- _To do_:
From the data below, return the exact lines starting at the line containing "Säljer en mellan" and ending at the line containing "Albero di 22", both included, and nothing else.

- _Listed entries_:
-- Opening Marker --

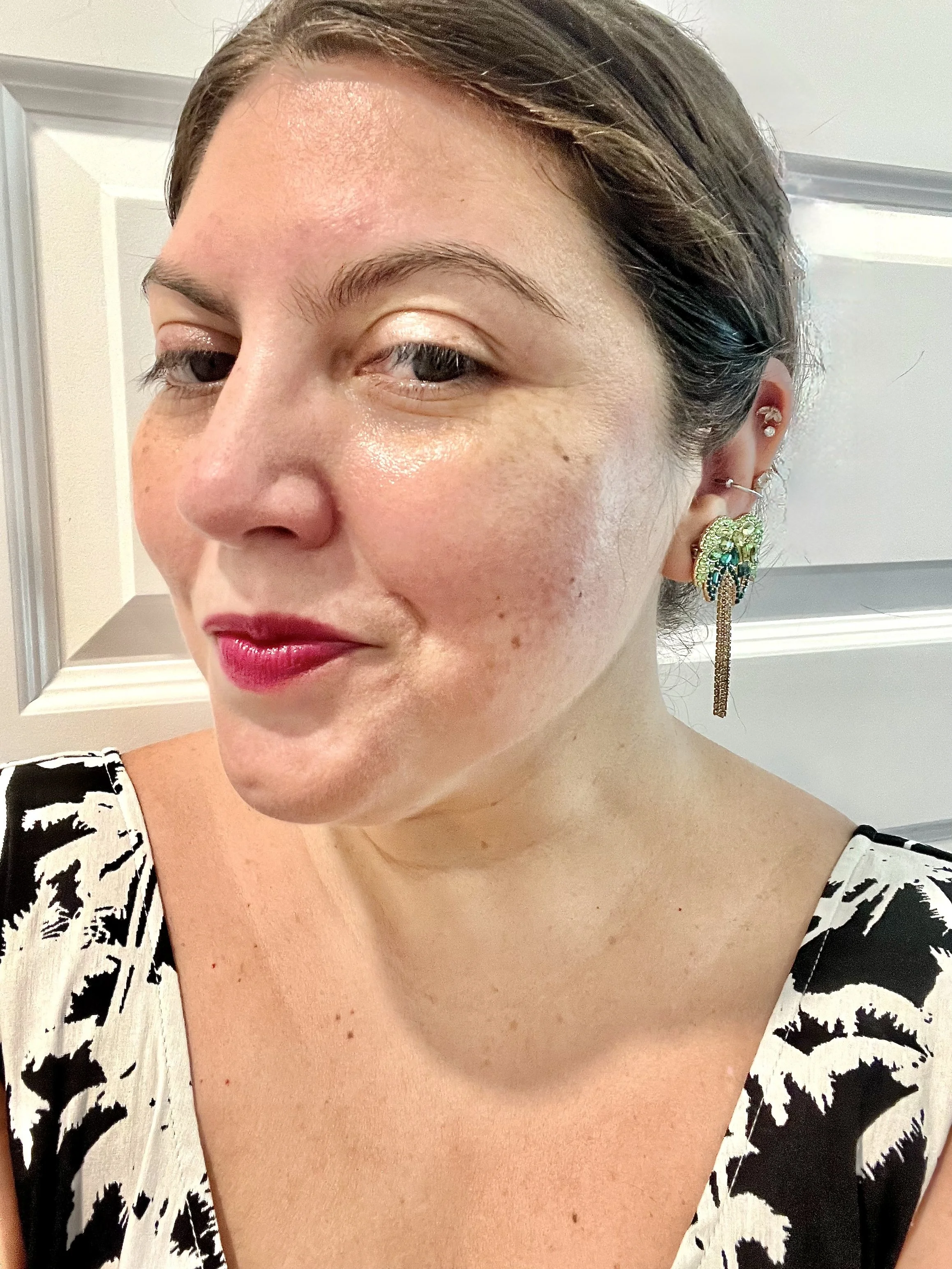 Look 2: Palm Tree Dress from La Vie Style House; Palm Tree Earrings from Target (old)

-- Closing Marker --
-- Opening Marker --

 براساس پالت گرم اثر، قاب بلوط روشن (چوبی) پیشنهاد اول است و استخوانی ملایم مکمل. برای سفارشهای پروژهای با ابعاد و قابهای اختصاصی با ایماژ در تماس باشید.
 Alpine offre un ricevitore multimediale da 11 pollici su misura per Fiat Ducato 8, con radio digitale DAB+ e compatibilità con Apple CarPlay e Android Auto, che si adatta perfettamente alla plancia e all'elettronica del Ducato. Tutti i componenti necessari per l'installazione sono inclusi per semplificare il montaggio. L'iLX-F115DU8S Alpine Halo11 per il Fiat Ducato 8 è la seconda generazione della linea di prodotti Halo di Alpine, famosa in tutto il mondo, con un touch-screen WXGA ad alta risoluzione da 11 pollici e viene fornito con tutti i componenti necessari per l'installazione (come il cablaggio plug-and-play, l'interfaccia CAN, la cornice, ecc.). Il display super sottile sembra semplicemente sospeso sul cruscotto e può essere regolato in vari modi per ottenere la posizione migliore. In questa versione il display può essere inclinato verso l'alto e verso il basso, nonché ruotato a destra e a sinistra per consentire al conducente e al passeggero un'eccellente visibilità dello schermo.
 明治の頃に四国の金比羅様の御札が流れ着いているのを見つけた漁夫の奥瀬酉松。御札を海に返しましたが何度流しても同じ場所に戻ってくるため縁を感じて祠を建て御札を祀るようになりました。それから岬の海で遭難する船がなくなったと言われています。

-- Closing Marker --
-- Opening Marker --

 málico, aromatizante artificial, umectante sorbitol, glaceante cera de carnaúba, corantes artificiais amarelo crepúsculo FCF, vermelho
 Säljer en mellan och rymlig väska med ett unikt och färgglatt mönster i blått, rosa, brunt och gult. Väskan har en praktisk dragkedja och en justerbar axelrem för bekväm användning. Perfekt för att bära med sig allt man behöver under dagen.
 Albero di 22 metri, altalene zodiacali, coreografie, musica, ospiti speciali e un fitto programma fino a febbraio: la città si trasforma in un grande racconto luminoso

-- Closing Marker --

- _Solution to this task_:
 Säljer en mellan och rymlig väska med ett unikt och färgglatt mönster i blått, rosa, brunt och gult. Väskan har en praktisk dragkedja och en justerbar axelrem för bekväm användning. Perfekt för att bära med sig allt man behöver under dagen.
 Albero di 22 metri, altalene zodiacali, coreografie, musica, ospiti speciali e un fitto programma fino a febbraio: la città si trasforma in un grande racconto luminoso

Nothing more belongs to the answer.